Synopses & Reviews
In her debut poetry collection, Ordinary Cruelty, Amber Flame spells out rituals in everyday decisions to hold on or let go. While questioning the role of elder, mentor, mother in the face of losing those figures, Flame details the unrelenting nature of parenthood through the cycles of grief. Her poems exuberantly rejoice in the brown skin of the female body, while soberly acknowledging the societal dangers of claiming such skin as home. Flame takes the reader through a visceral examination of the body's processes of both dying and continuing to live and the joy to be found while we do.
Review
"This is a book to keep close and return to, tender company in a time that wants to tear us apart." Elaina Ellis, Associate Editor at Copper Canyon Press
About the Author
An award-winning writer and performer, Amber Flame is also a singer for multiple musical projects.
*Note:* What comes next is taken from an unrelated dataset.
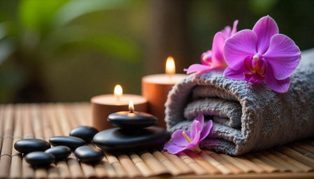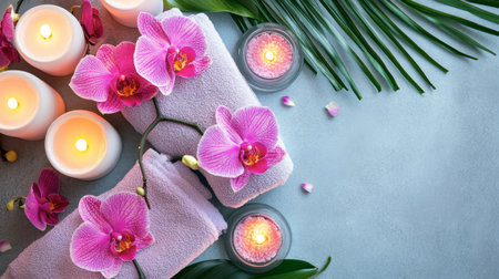 Elegant Spa Scene with Pink Towels and Orchid Blossoms

Flame's original work is published and recorded in many diverse arenas, including Def Jam Poetry, Winter Tangerine, The Dialogist, Split This Rock, Jack Straw, Black Heart Magazine, Redivider, and forthcoming from Sundress Publications, harlequin creature, and more. Since moving to the Bay Area, Flame works at an independent media company, This Week in Blackness, as well as a teaching artist for various theater companies and co-produces the Oakland Slam.